(EXERCISE INPUT begins)

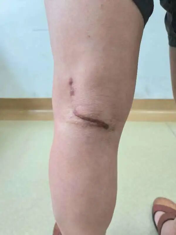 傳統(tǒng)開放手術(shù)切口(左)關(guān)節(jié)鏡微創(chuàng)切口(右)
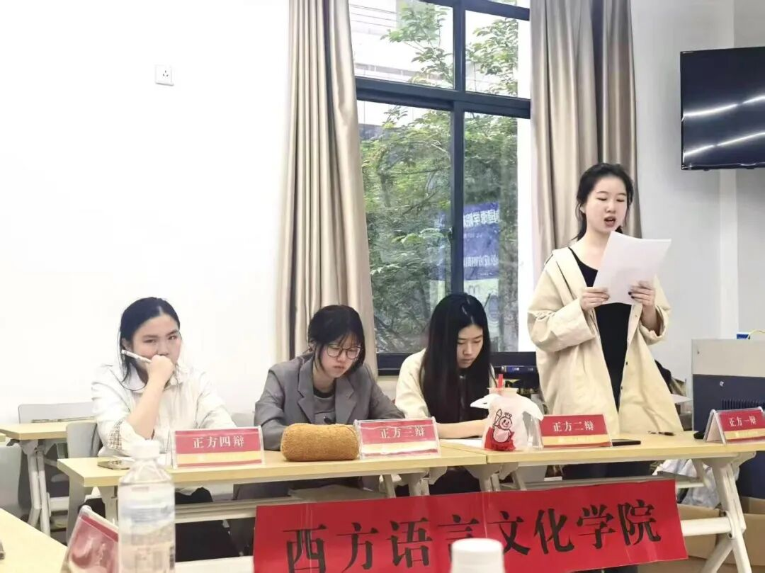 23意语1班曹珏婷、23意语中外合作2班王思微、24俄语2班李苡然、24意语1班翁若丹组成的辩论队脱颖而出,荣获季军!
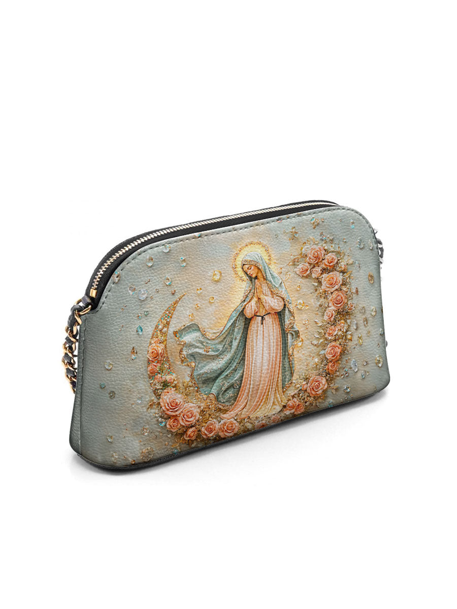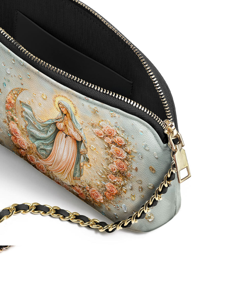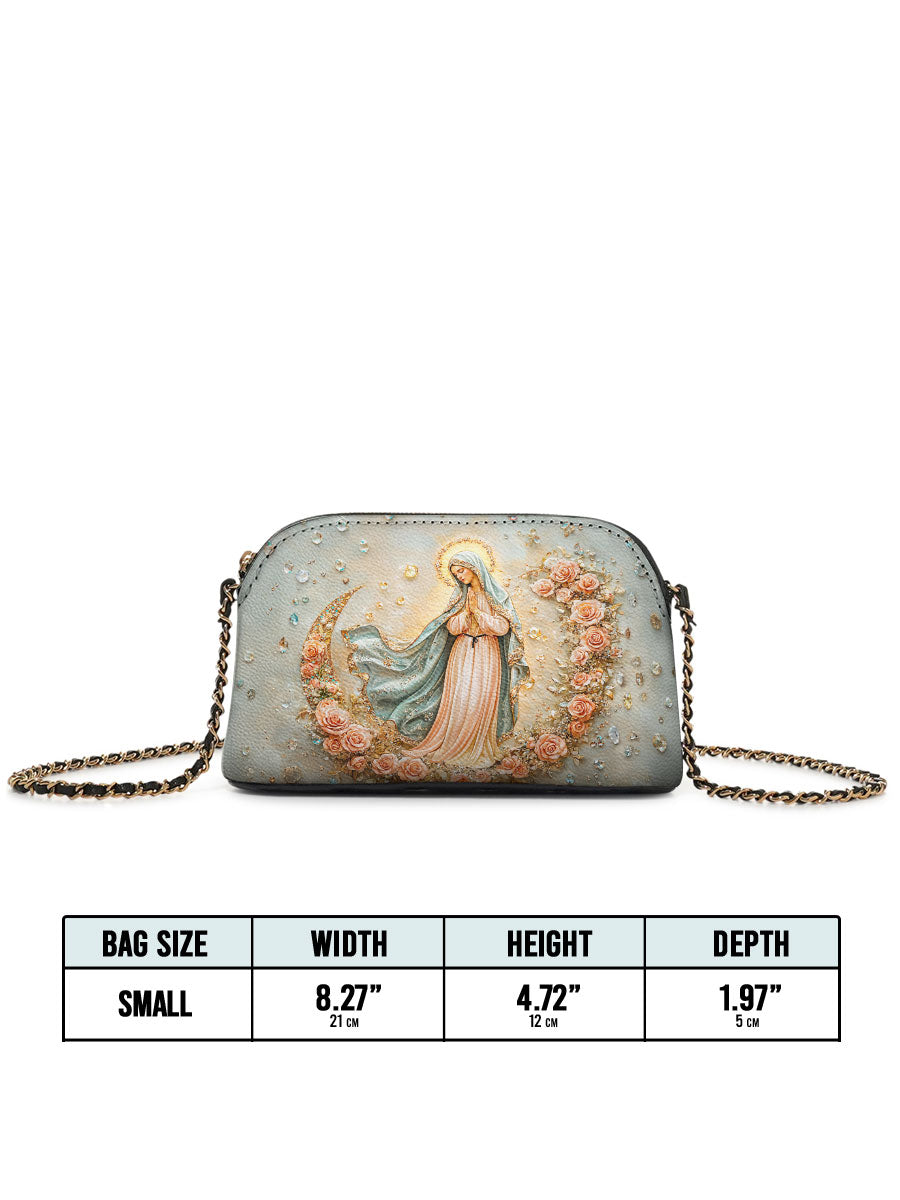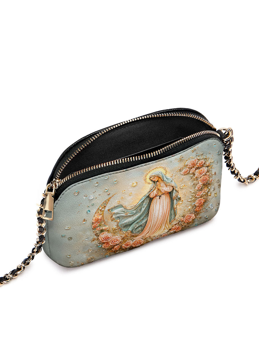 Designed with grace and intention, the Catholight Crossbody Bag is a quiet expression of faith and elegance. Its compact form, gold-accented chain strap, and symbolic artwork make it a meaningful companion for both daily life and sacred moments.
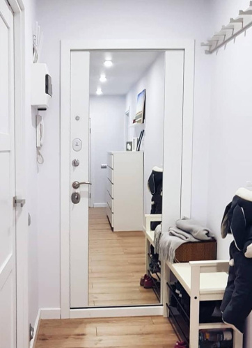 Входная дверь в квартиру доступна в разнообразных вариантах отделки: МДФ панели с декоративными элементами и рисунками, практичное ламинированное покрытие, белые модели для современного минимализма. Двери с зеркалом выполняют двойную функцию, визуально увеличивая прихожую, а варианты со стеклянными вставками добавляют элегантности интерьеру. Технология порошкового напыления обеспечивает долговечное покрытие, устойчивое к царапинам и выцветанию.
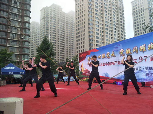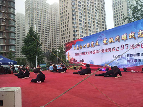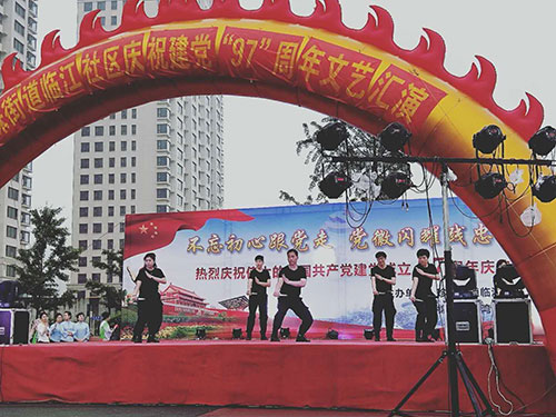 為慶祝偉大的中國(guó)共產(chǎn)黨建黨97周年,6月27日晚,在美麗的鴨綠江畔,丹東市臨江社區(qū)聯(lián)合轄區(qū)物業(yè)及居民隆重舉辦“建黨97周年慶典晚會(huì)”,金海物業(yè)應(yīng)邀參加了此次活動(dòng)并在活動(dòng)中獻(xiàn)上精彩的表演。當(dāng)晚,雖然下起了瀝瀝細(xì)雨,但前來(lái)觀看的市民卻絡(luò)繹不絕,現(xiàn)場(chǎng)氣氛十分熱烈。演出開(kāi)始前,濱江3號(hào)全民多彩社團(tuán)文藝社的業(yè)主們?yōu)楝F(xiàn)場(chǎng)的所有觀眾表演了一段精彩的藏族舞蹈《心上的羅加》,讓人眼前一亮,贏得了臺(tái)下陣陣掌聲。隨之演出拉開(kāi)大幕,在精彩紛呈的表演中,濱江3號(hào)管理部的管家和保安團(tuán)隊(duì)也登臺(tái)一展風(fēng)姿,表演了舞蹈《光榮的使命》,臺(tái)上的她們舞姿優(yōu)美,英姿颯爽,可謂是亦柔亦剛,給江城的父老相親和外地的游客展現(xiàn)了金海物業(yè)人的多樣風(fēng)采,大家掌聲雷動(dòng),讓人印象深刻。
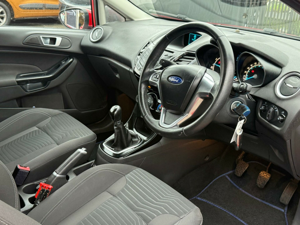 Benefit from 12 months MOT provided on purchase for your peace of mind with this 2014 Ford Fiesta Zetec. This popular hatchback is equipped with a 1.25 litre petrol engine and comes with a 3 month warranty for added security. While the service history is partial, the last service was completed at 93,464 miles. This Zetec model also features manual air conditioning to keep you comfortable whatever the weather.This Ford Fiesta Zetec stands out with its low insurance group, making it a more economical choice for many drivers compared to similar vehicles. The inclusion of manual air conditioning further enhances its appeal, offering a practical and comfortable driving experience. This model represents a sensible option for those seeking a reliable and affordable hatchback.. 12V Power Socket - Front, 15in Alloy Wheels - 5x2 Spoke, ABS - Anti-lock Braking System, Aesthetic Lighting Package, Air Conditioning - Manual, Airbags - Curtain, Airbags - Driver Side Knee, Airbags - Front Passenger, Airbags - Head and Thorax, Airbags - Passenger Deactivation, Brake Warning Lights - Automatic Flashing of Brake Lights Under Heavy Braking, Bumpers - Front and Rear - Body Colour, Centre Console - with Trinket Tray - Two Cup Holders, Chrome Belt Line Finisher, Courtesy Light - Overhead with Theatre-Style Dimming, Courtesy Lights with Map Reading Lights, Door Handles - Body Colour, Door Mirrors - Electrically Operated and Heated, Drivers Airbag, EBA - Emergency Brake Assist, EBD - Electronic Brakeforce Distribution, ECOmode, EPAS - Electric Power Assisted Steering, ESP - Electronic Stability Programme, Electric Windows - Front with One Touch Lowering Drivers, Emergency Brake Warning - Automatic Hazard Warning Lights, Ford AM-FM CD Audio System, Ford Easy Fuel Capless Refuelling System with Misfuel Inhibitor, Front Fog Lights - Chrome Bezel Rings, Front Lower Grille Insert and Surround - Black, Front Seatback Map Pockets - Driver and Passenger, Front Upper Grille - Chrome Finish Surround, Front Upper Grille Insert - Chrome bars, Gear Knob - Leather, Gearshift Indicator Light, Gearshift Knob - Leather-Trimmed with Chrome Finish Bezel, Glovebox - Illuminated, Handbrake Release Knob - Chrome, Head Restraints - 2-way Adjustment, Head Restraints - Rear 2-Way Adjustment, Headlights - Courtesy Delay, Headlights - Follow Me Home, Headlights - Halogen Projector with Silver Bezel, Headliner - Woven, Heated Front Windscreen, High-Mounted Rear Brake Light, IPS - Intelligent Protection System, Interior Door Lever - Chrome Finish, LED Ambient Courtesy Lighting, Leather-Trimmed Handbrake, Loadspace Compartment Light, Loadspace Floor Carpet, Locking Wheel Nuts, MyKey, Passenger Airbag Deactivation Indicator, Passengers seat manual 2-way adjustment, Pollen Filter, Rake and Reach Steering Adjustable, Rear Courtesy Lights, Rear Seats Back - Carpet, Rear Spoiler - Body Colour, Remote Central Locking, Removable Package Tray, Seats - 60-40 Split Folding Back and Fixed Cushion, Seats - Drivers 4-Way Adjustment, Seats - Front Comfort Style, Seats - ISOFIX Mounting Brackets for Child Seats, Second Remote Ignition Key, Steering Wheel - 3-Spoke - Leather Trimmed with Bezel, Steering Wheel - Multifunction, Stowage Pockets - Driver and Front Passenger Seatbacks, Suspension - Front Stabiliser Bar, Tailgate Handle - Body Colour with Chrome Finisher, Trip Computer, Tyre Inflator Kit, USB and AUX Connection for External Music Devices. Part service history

(EXERCISE INPUT ends)

- **TASK TO CARRY OUT**: Take the entries shown above and quote them verbatim, passing over the pictures.

- **TASK OUTPUT**:
 傳統(tǒng)開放手術(shù)切口(左)關(guān)節(jié)鏡微創(chuàng)切口(右)
 23意语1班曹珏婷、23意语中外合作2班王思微、24俄语2班李苡然、24意语1班翁若丹组成的辩论队脱颖而出,荣获季军!
 Designed with grace and intention, the Catholight Crossbody Bag is a quiet expression of faith and elegance. Its compact form, gold-accented chain strap, and symbolic artwork make it a meaningful companion for both daily life and sacred moments.
 Входная дверь в квартиру доступна в разнообразных вариантах отделки: МДФ панели с декоративными элементами и рисунками, практичное ламинированное покрытие, белые модели для современного минимализма. Двери с зеркалом выполняют двойную функцию, визуально увеличивая прихожую, а варианты со стеклянными вставками добавляют элегантности интерьеру. Технология порошкового напыления обеспечивает долговечное покрытие, устойчивое к царапинам и выцветанию.
 為慶祝偉大的中國(guó)共產(chǎn)黨建黨97周年,6月27日晚,在美麗的鴨綠江畔,丹東市臨江社區(qū)聯(lián)合轄區(qū)物業(yè)及居民隆重舉辦“建黨97周年慶典晚會(huì)”,金海物業(yè)應(yīng)邀參加了此次活動(dòng)并在活動(dòng)中獻(xiàn)上精彩的表演。當(dāng)晚,雖然下起了瀝瀝細(xì)雨,但前來(lái)觀看的市民卻絡(luò)繹不絕,現(xiàn)場(chǎng)氣氛十分熱烈。演出開(kāi)始前,濱江3號(hào)全民多彩社團(tuán)文藝社的業(yè)主們?yōu)楝F(xiàn)場(chǎng)的所有觀眾表演了一段精彩的藏族舞蹈《心上的羅加》,讓人眼前一亮,贏得了臺(tái)下陣陣掌聲。隨之演出拉開(kāi)大幕,在精彩紛呈的表演中,濱江3號(hào)管理部的管家和保安團(tuán)隊(duì)也登臺(tái)一展風(fēng)姿,表演了舞蹈《光榮的使命》,臺(tái)上的她們舞姿優(yōu)美,英姿颯爽,可謂是亦柔亦剛,給江城的父老相親和外地的游客展現(xiàn)了金海物業(yè)人的多樣風(fēng)采,大家掌聲雷動(dòng),讓人印象深刻。
 Benefit from 12 months MOT provided on purchase for your peace of mind with this 2014 Ford Fiesta Zetec. This popular hatchback is equipped with a 1.25 litre petrol engine and comes with a 3 month warranty for added security. While the service history is partial, the last service was completed at 93,464 miles. This Zetec model also features manual air conditioning to keep you comfortable whatever the weather.This Ford Fiesta Zetec stands out with its low insurance group, making it a more economical choice for many drivers compared to similar vehicles. The inclusion of manual air conditioning further enhances its appeal, offering a practical and comfortable driving experience. This model represents a sensible option for those seeking a reliable and affordable hatchback.. 12V Power Socket - Front, 15in Alloy Wheels - 5x2 Spoke, ABS - Anti-lock Braking System, Aesthetic Lighting Package, Air Conditioning - Manual, Airbags - Curtain, Airbags - Driver Side Knee, Airbags - Front Passenger, Airbags - Head and Thorax, Airbags - Passenger Deactivation, Brake Warning Lights - Automatic Flashing of Brake Lights Under Heavy Braking, Bumpers - Front and Rear - Body Colour, Centre Console - with Trinket Tray - Two Cup Holders, Chrome Belt Line Finisher, Courtesy Light - Overhead with Theatre-Style Dimming, Courtesy Lights with Map Reading Lights, Door Handles - Body Colour, Door Mirrors - Electrically Operated and Heated, Drivers Airbag, EBA - Emergency Brake Assist, EBD - Electronic Brakeforce Distribution, ECOmode, EPAS - Electric Power Assisted Steering, ESP - Electronic Stability Programme, Electric Windows - Front with One Touch Lowering Drivers, Emergency Brake Warning - Automatic Hazard Warning Lights, Ford AM-FM CD Audio System, Ford Easy Fuel Capless Refuelling System with Misfuel Inhibitor, Front Fog Lights - Chrome Bezel Rings, Front Lower Grille Insert and Surround - Black, Front Seatback Map Pockets - Driver and Passenger, Front Upper Grille - Chrome Finish Surround, Front Upper Grille Insert - Chrome bars, Gear Knob - Leather, Gearshift Indicator Light, Gearshift Knob - Leather-Trimmed with Chrome Finish Bezel, Glovebox - Illuminated, Handbrake Release Knob - Chrome, Head Restraints - 2-way Adjustment, Head Restraints - Rear 2-Way Adjustment, Headlights - Courtesy Delay, Headlights - Follow Me Home, Headlights - Halogen Projector with Silver Bezel, Headliner - Woven, Heated Front Windscreen, High-Mounted Rear Brake Light, IPS - Intelligent Protection System, Interior Door Lever - Chrome Finish, LED Ambient Courtesy Lighting, Leather-Trimmed Handbrake, Loadspace Compartment Light, Loadspace Floor Carpet, Locking Wheel Nuts, MyKey, Passenger Airbag Deactivation Indicator, Passengers seat manual 2-way adjustment, Pollen Filter, Rake and Reach Steering Adjustable, Rear Courtesy Lights, Rear Seats Back - Carpet, Rear Spoiler - Body Colour, Remote Central Locking, Removable Package Tray, Seats - 60-40 Split Folding Back and Fixed Cushion, Seats - Drivers 4-Way Adjustment, Seats - Front Comfort Style, Seats - ISOFIX Mounting Brackets for Child Seats, Second Remote Ignition Key, Steering Wheel - 3-Spoke - Leather Trimmed with Bezel, Steering Wheel - Multifunction, Stowage Pockets - Driver and Front Passenger Seatbacks, Suspension - Front Stabiliser Bar, Tailgate Handle - Body Colour with Chrome Finisher, Trip Computer, Tyre Inflator Kit, USB and AUX Connection for External Music Devices. Part service history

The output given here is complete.